Like I said, I knew about the war. It was--the war was, was declared around ten o'clock. I knew about the war--it was six o'clock in the morning.
Now you say you...
I was on my way to work. The airplanes were already dropping par...paratroopers into our place, damaging the roads--bombarding. That was six o'clock in the morning. I uh, I don't know, I--like I said, just plain luck. When planes came overhead and I was on the road and I saw that something isn't kosher. So I climbed into a, a, a, a pipe, you know, as in a ditch--as you--when they drives through they have a pipe there...
A sewer pipe.
A sewer pipe.

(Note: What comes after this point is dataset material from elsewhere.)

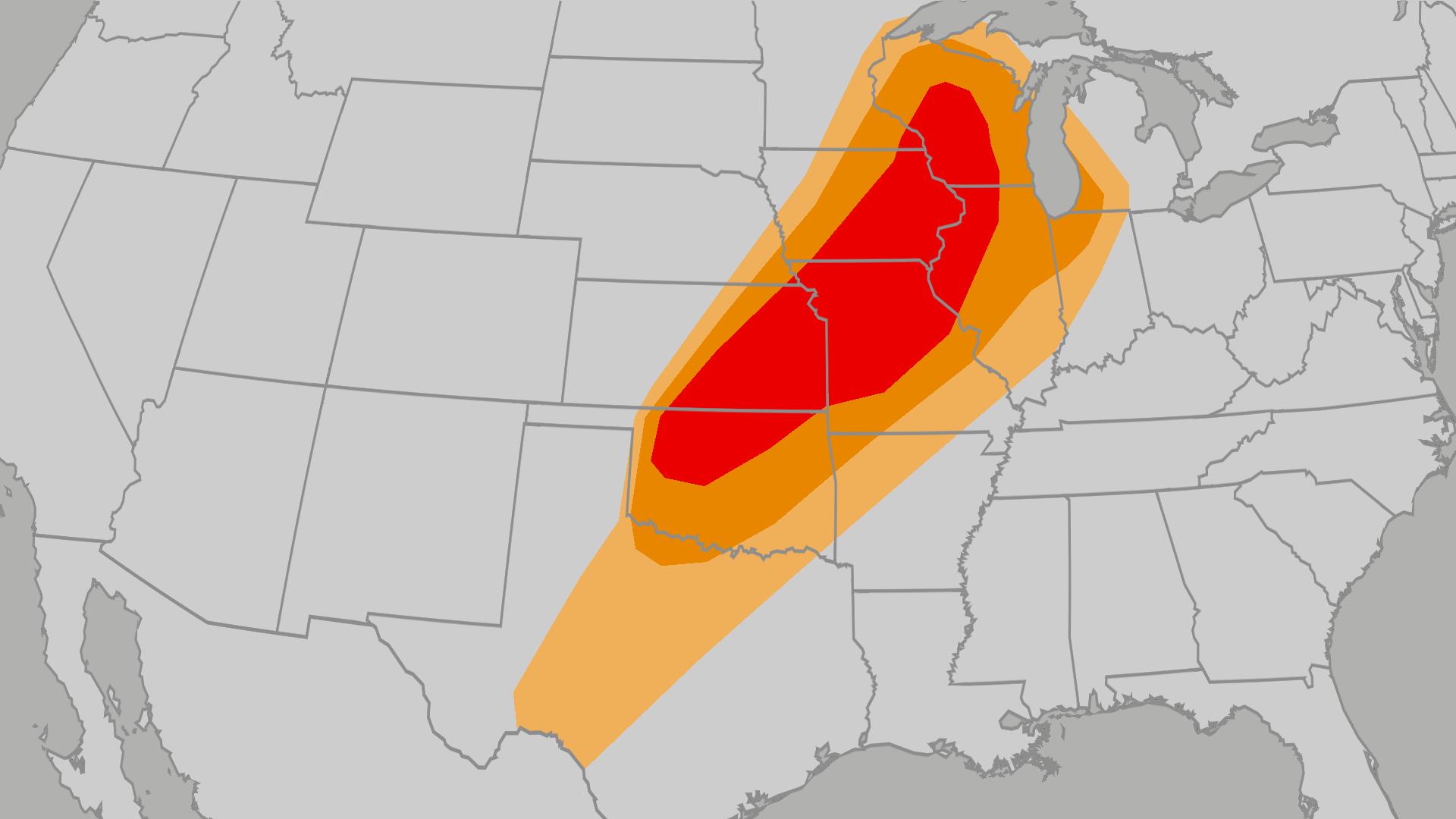 Another round of storms is possible from Texas to Wisconsin Friday, where the threat of strong tornadoes is possible. The threat could also bring large hail, gusty winds and heavy rainfall across areas already slammed by severe weather earlier this week. Meteorologist Rob Shackelford breaks down the timing.

I climbed into that pipe there and uh, when everything quiets down I crawled out of it and they were dead from all over the places. So--horses, cows and, and what have you on the, on the, on the farms. It was about six o'clock April 1--not April 1, uh, September 1, '49 uh, '39.
What were your feelings and thoughts at that time?
What the feeling--I just turned around and went home to be with my family. That's it.
You say you were--you, you were going to a job at the time.
Yes.
What kind of job did you have?
Well, blecher, you know the uh, tinsmith.
Okay, you were doing that.
We were roofing...
All right.
...roofing, gutters or whatever for the farm itself there.